Tina Fey doesn’t care about your moral uplift

Overthinking It tackles the all-important question that consumes many of my politically astute friends who are also fans of “30 Rock”: where does the show’s politics lay? (They also recently had me on as a guest podcast panel member again, always fun.) On its surface, “30 Rock” seems liberal, but if you’re a fan who watches every episode, you start to get the creeping feeling that the show endorses reactionary politics.  Mlawski marshals the evidence: Liz isn’t as liberal as she seems, Jack usually wins, the show did that unforgiveable and “South Park"-esque episode taking a shot at affirmative action.  I’ve personally wrestled with this question repeatedly.  Is the show trenchant liberal satire, or is it so puffed up with wealthy privilege that they’re starting to drift into apologies for weird conservative politics?  But reading the Overthinking It piece, I realized that the answer is simple: Neither.  The show isn’t liberal or conservative so much as it’s cynical.

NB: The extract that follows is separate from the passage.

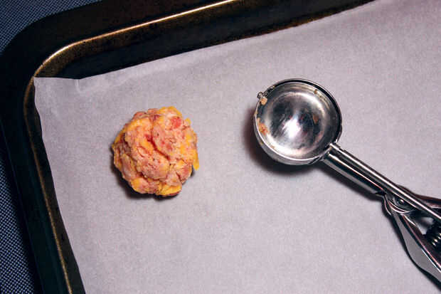 Use una cuchara para galletas a las bolas de salchicha uniforme de forma.

Before I make the case as to why I believe this, let me explain why I think it’s easy to want to believe the show has a consistent political outlook.  Mainly, it’s because it traffics in edgy political humor.  Every episode pushes the political line on things like neoconservatism, red/blue culture wars, feminism, race issues, and even environmentalism.  And sometimes it engages in overt satire.  Because of this, I think our tendency as an audience is to want to see “30 Rock” promoting a coherent political ideology, a “moral” to the story, as it were.  Indeed, that’s what Mlawski touches on in his post:

If Liz were the main character of almost any other program on the air, we’d expect her to be the stand-in for the show’s writers, used the same way Seth McFarlane uses Brian on Family Guy to espouse his (usually) liberal politics and the same way Trey Parker and Matt Stone use Stan and Kyle on South Park to espouse their (usually) libertarian politics.  And we’d be forgiven for making such an assumption.  After all, Liz Lemon is played by and clearly based on Tina Fey, the show’s creator and head writer.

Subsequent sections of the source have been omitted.